**Task description:** Nothing outside the stretch is wanted. Repeat exactly the lines of the listing below from the one that contains "Kit Edredom +" through the one that contains "Beskrivelse: Høyre fremre", both ends included.

------ Data ------

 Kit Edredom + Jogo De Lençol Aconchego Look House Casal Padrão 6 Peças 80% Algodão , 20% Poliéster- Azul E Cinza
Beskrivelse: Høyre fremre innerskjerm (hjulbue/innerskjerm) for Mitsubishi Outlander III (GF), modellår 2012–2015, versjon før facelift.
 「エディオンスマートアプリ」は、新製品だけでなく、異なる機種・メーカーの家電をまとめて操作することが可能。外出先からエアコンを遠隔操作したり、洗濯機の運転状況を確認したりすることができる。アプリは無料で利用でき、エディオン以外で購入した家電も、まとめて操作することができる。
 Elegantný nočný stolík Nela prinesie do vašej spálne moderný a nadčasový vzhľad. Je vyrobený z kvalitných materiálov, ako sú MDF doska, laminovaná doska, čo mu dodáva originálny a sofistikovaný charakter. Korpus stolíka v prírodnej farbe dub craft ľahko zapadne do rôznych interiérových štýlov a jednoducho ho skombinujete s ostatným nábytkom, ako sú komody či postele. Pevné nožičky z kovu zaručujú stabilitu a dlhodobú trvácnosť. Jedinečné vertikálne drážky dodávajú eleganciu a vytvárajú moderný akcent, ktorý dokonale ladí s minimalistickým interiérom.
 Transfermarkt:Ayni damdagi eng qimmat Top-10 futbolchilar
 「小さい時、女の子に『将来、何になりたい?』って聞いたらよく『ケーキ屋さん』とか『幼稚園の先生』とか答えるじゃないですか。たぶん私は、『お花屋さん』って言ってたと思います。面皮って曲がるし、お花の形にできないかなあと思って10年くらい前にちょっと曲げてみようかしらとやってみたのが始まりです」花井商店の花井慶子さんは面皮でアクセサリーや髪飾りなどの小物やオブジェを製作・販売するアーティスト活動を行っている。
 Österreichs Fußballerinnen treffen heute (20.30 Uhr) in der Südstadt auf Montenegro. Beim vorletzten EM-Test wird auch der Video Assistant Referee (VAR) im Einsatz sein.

------
------ Data ------

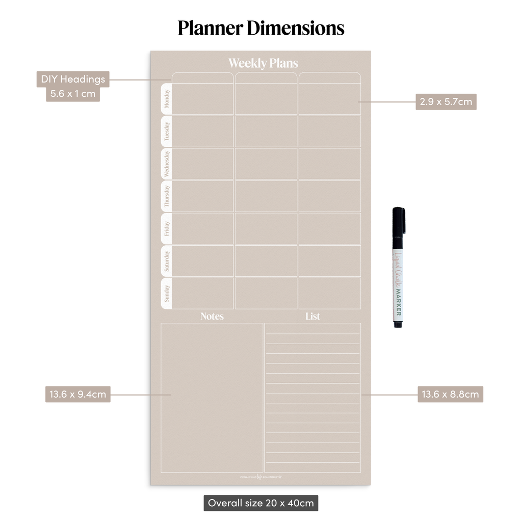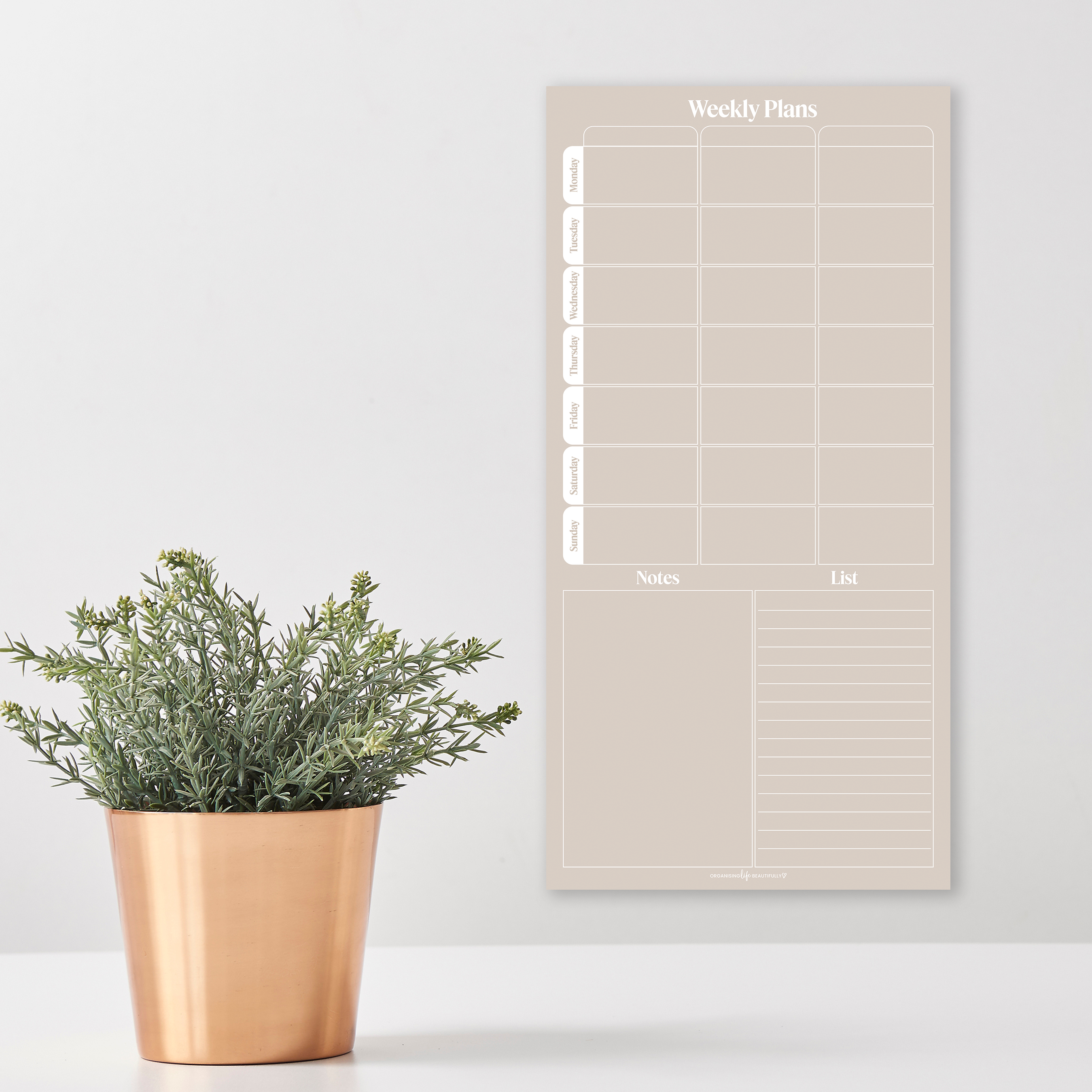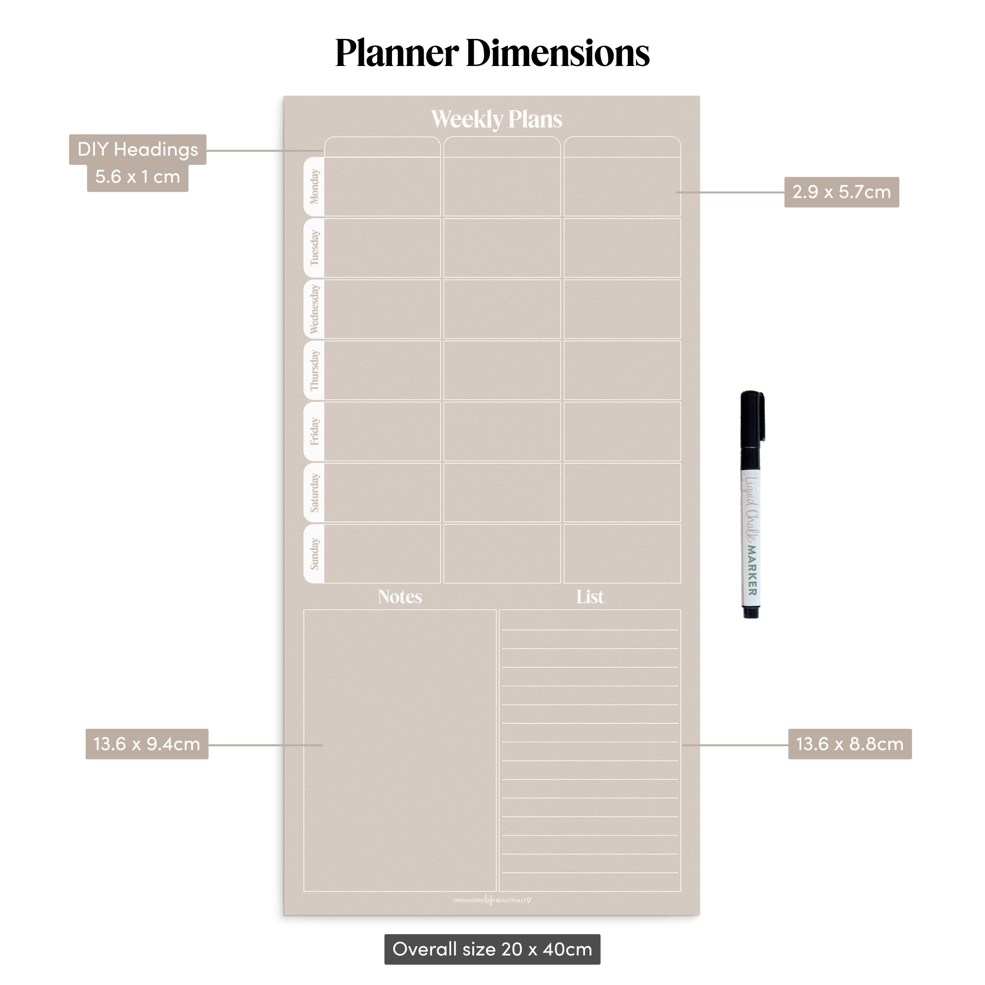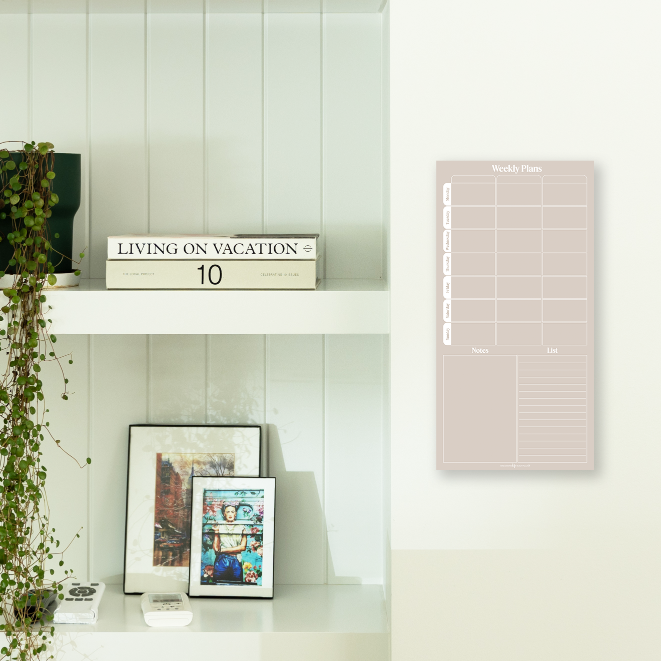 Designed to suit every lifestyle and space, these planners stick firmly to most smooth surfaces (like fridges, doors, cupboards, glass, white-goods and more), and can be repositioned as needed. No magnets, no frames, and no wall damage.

------

**Response:**
 Kit Edredom + Jogo De Lençol Aconchego Look House Casal Padrão 6 Peças 80% Algodão , 20% Poliéster- Azul E Cinza
Beskrivelse: Høyre fremre innerskjerm (hjulbue/innerskjerm) for Mitsubishi Outlander III (GF), modellår 2012–2015, versjon før facelift.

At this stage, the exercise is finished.